Create another environment with synthcity.yaml to evaluate additional data fidelity metrics

conda env create -f synthcity.yaml

Datasets Preparation

Using the datasets experimented in the paper

Download raw datasets:

python download_dataset.py

Process datasets:

python process_dataset.py

Using your own dataset

First, create a directory for your dataset in ./data:

cd data
mkdir <NAME_OF_YOUR_DATASET>

Compile your raw tabular data in .csv format. The first row should be the header indicating the name of each column, and the remaining rows are records. After finishing these steps, place you data's csv file in the directory you just created and name it as <NAME_OF_YOUR_DATASET>.csv.

Then, create <NAME_OF_YOUR_DATASET>.json in ./data/Info. Write this file with the metadata of your dataset, covering the following information:

{
    "name": "<NAME_OF_YOUR_DATASET>",
    "task_type": "[NAME_OF_TASK]", # binclass or regression
    "header": "infer",
    "column_names": null,
    "num_col_idx": [LIST],  # list of indices of numerical columns
    "cat_col_idx": [LIST],  # list of indices of categorical columns
    "target_col_idx": [list], # list of indices of the target columns (for MLE)
    "file_type": "csv",
    "data_path": "data/<NAME_OF_YOUR_DATASET>/<NAME_OF_YOUR_DATASET>.csv"
    "test_path": null,
}

Finally, run the following command to process your dataset:

python process_dataset.py --dataname <NAME_OF_YOUR_DATASET>

Training TabDiff

To train an unconditional TabDiff model across the entire table, run

python main.py --dataname <NAME_OF_DATASET> --mode train

Current Options of <NAME_OF_DATASET> are: adult, default, shoppers, magic, beijing, news

Wanb logging is enabled by default.

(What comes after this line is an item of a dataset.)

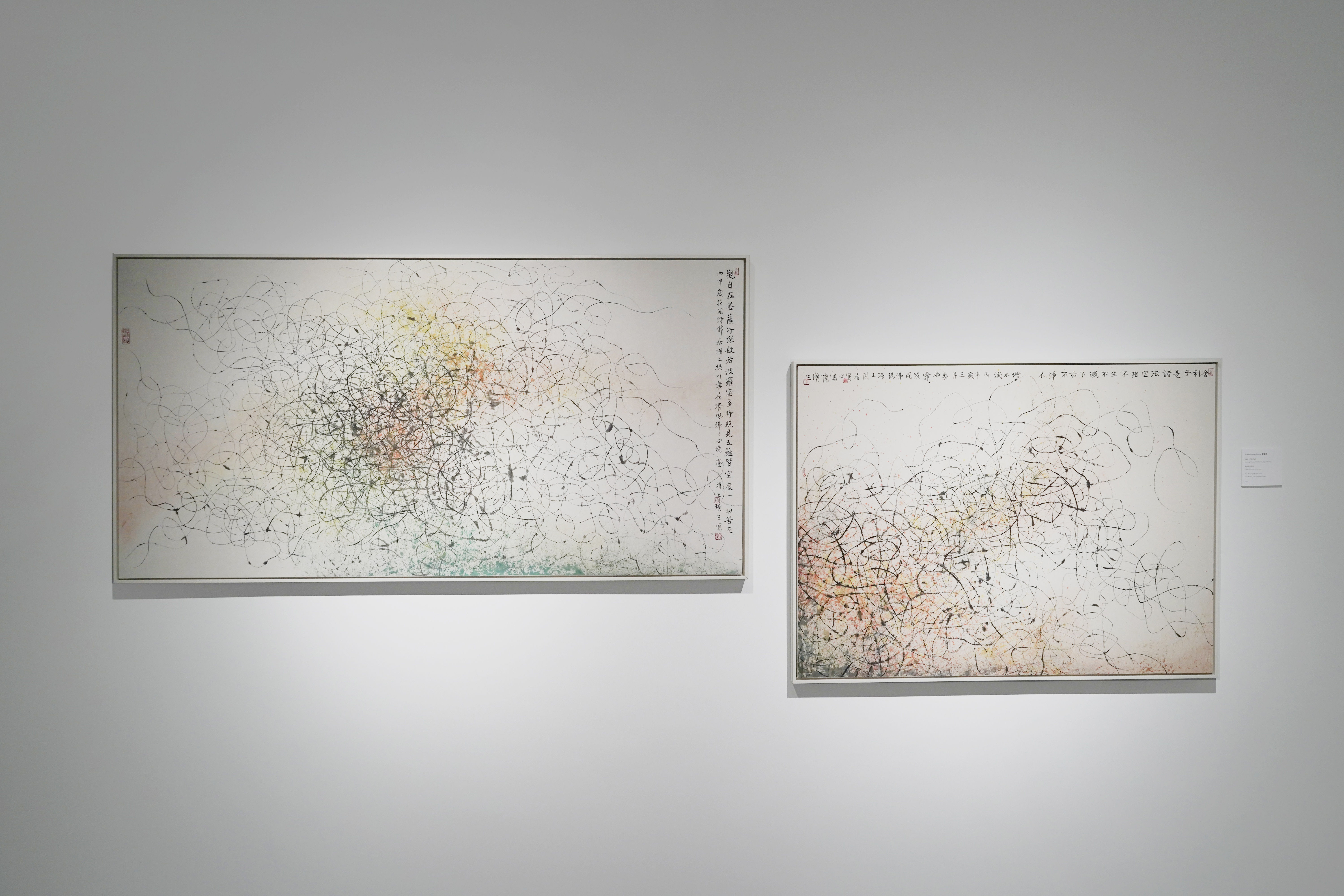 Moving Vision: Avalokiteśvara was created by Wang Huangsheng whilst he was living on a lake during the Spring blooming season. Wanting to express the practice of Vipassanā meditation, the artist tempered the exquisite lines of Chinese painting and traditional calligraphy into his own abstract language. The free, undulating lines of ink create uninterrupted spatial movement, combining fortuity and spontaneity with primitive forces and the artist’s deepunderstanding of Tao and Ch’an. The red, orange, yellow, and green hues convey the joy of the four seasons, and the composition, colours, and the unpredictable, continuous ink lines confirm the artist's consciousness of living within the wisdom of the Tao.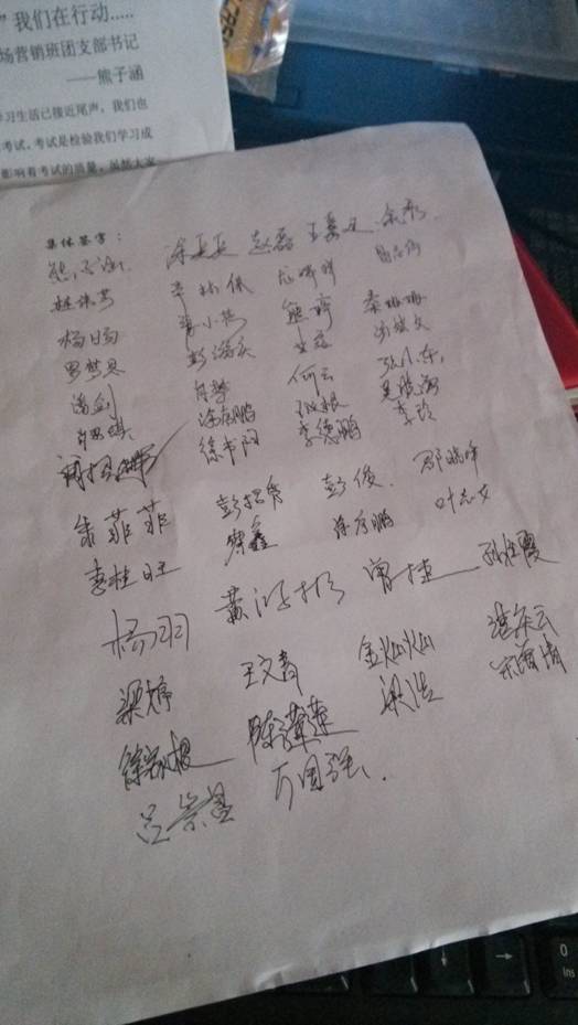活动现场同学们争先恐后地来到讲台前庄严签名,同学们都希望自己的名字有风格、醒目,希望能给活动造势、给力。本次活动在同学们的欢声笑语中结束。

To disable it and log locally, add the --no_wandb flag.

To disable the learnable noise schedules, add the --non_learnable_schedule. Please note that in order for the code to test/sample from such model properly, you need to add this flag for all commands below.

To specify your own experiment name, which will be used for logging and saving files, add --exp_name <your experiment name>. This flag overwrites the default experiment name (learnable_schedule/non_learnable_schedule), so, similar to --non_learnable_schedule, once added to training, you need to add it to all following commands as well.

Sampling and Evaluating TabDiff (Density, MLE, C2ST)

To sample synthetic tables from trained TabDiff models and evaluate them, run

python main.py --dataname <NAME_OF_DATASET> --mode test --report --no_wandb

This will sample 20 synthetic tables randomly. Meanwhile, it will evaluate the density, mle, and c2st scores for each sample and report their average and standard deviation. The results will be printed out in the terminal, and the samples and detailed evaluation results will be placed in ./eval/report_runs/<EXP_NAME>/<NAME_OF_DATASET>/.

Evaluating on Additional Fidelity Metrics ($\alpha$-precision and $\beta$-recall scores)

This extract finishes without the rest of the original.